In a previous study, we found that noise in PEM Flex images decreased only slowly as the activity concentration was increased above 2 kBq/mL, which is roughly one-half of the concentration expected in a typical patient when using the standard injection and uptake protocol (15). That study also showed a slow decrease in detection sensitivity with lowered image count density, with sensitivity remaining above 90% for a lesion diameter of 7.8 mm or more for image noise corresponding to Ainj down to 100 MBq. Furthermore, specificity was 98% for all activities tested (46–370 MBq), suggesting that statistical noise texture alone does not lead to false-positive findings. One limitation of the phantom study was uniform activity in the background; normal breast 18F-FDG uptake varies with tissue type, creating a heterogeneous background (16).

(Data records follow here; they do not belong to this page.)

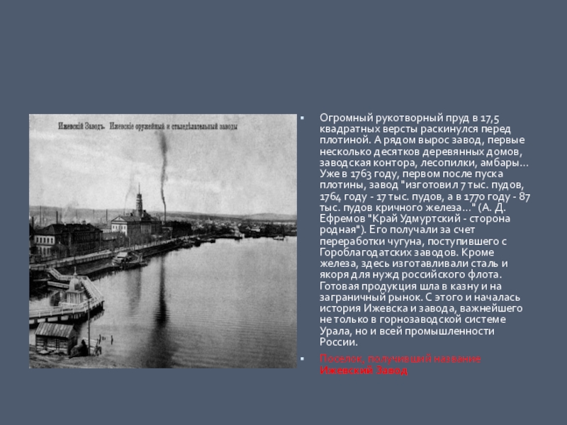 рядом вырос завод, первые несколько десятков деревянных домов, заводская контора, лесопилки, амбары… Уже в 1763 году, первом после пуска плотины, завод "изготовил 7 тыс. пудов, 1764 году - 17 тыс. пудов, а в 1770 году - 87 тыс. пудов кричного железа…" (А. Д. Ефремов "Край Удмуртский - сторона родная"). Его получали за счет переработки чугуна, поступившего с Гороблагодатских заводов. Кроме железа, здесь изготавливали сталь и якоря для нужд российского флота. Готовая продукция шла в казну и на заграничный рынок. С этого и началась история Ижевска и завода, важнейшего не только в горнозаводской системе Урала, но и всей промышленности России.
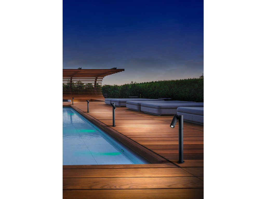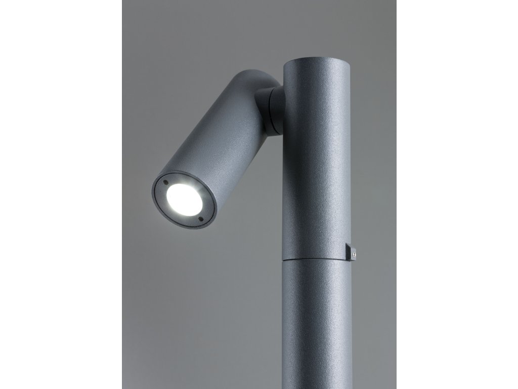 Nastaviteľný mini projektor/stĺpik pre exteriér, vybavený LED diódami, určený na montáž na podlahu, hliníkové telo elektrostaticky lakované v tmavo šedej farbe, priehľadný sklenený difúzor.
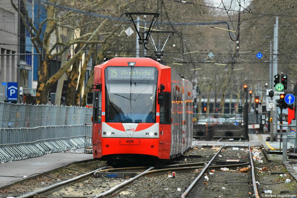 4539 als Linie 15 mit dem Fahrtziel Ulrepforte zwischen Zülpicher und Barbarossaplatz am 03.03.2019.
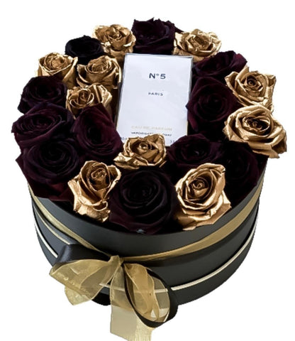 Featuring premium black roses and gold roses, paired with an exclusive perfume of your choice, this luxurious arrangement is a masterpiece crafted by our expert florists. The beautifully scented flowers and high-end perfume create a truly delightful combination, making it an ideal gift for Valentine's Day, anniversaries, birthdays, or any special occasion.
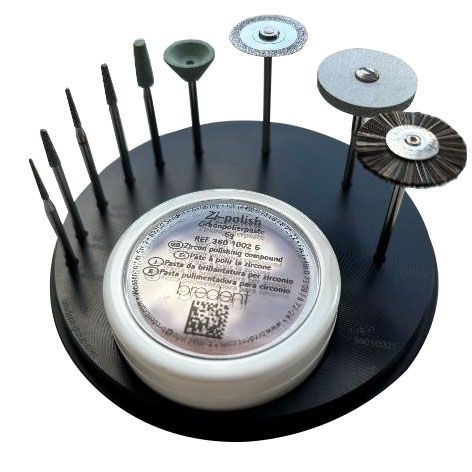Instruments and the polishing paste are arranged on a black resin blank, which is visually identical to a 98mm zirconia blank giving a you a pleasing aesthetic.The order numbers (REF) are engraved by laser, therefore good legibility
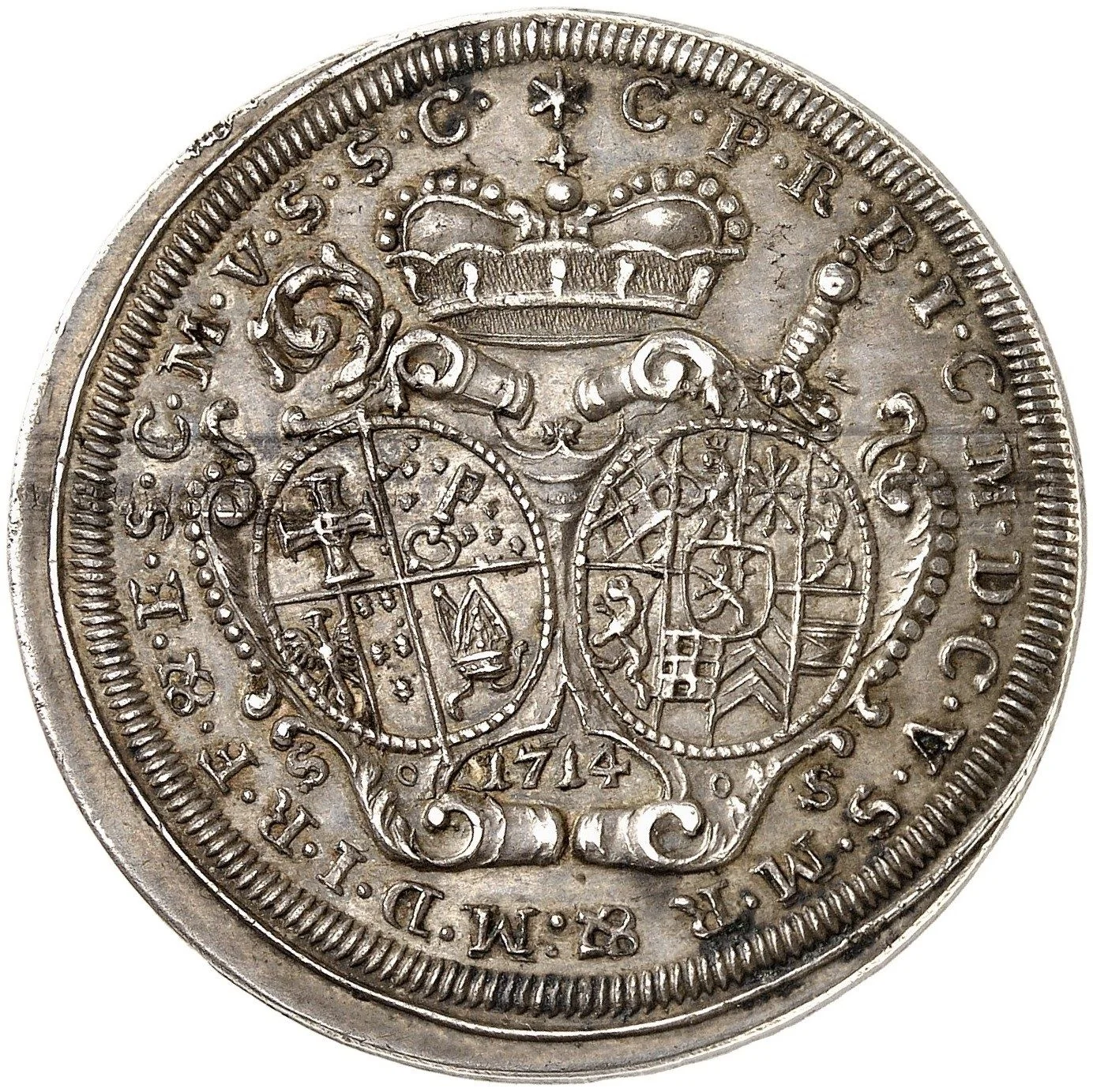 Two crowned shields on scrolls, date below, mintmaster's initials flanking.
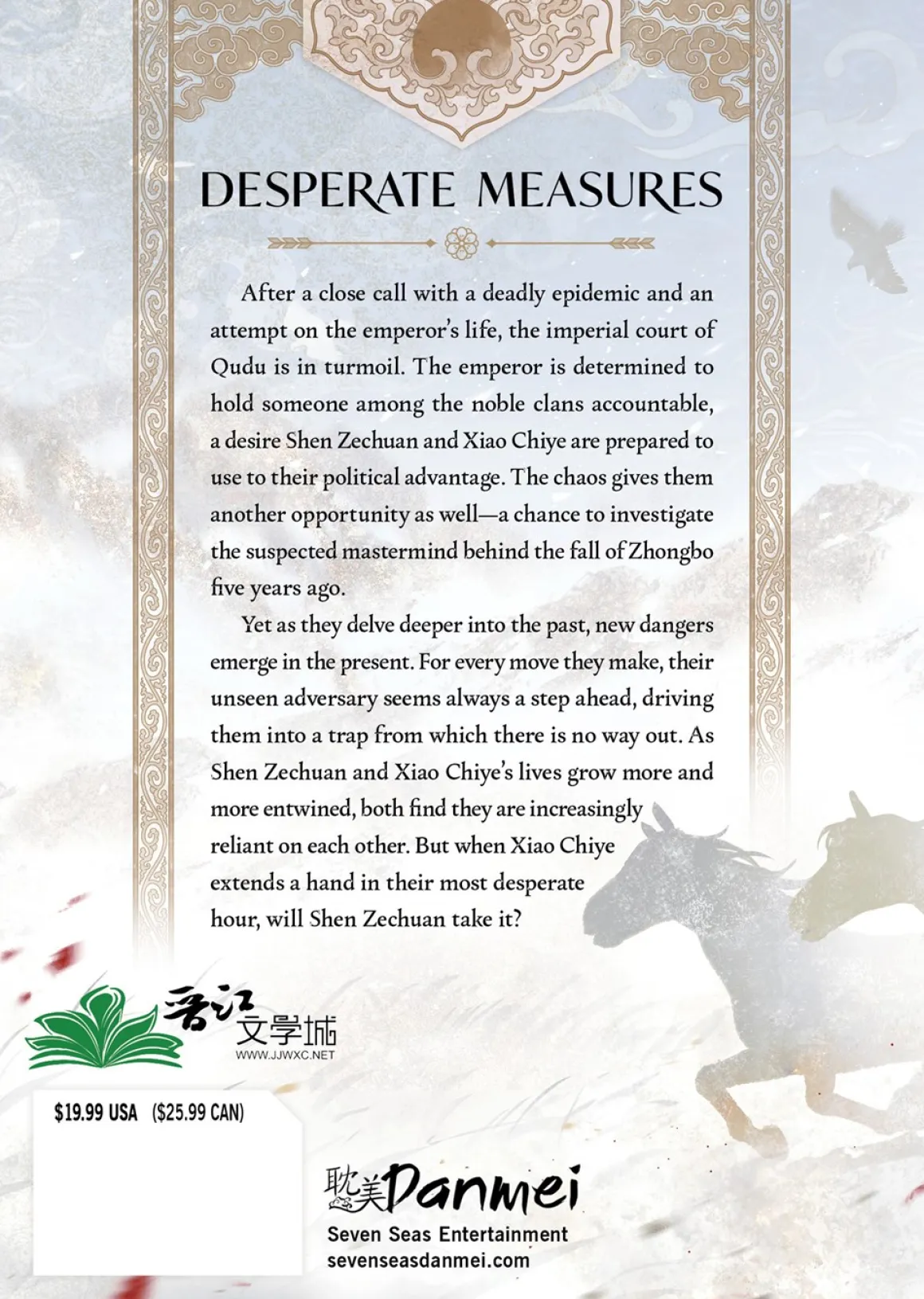 After a close call with a deadly epidemic and an attempt on the emperor’s life, the imperial court of Qudu is in turmoil. The emperor is determined to hold someone among the noble clans accountable, a desire Shen Zechuan and Xiao Chiye are prepared to use to their political advantage. The chaos gives them another opportunity as well—a chance to investigate the suspected mastermind behind the fall of Zhongbo five years ago.
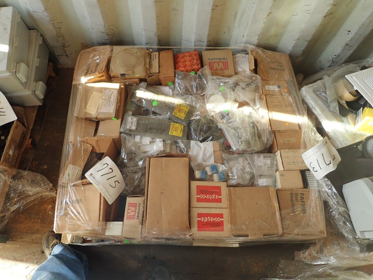 (1) pallet misc bearing, smoke detector, electrical components

In the present study, our goal was to evaluate the effect of lowering Ainj on the interpretation of PEM images. To study this, we investigated lesion detection sensitivity and specificity on PEM images with different image count levels corresponding to conventional and reduced Ainj. We repeated the analysis for images acquired at 2 postinjection time points.
MATERIALS AND METHODS
Patient Cohort
This study was approved by an institutional review board and was Health Insurance Portability and Accountability Act compliant. Consecutive patients who met the study criteria and provided informed written consent were imaged with the PEM Flex between August 2010 and October 2012. We enrolled 30 patients: 10 each with invasive ductal carcinoma (IDC), invasive lobular carcinoma (ILC), and ductal carcinoma in situ (DCIS). For the first 5 patients of each pathology, we used an equivalent of our standard PEM protocol. The second half of the study used one-half of the injected activity. For this study, we used a lower dose equivalent alternative to our standard PEM protocol as described below.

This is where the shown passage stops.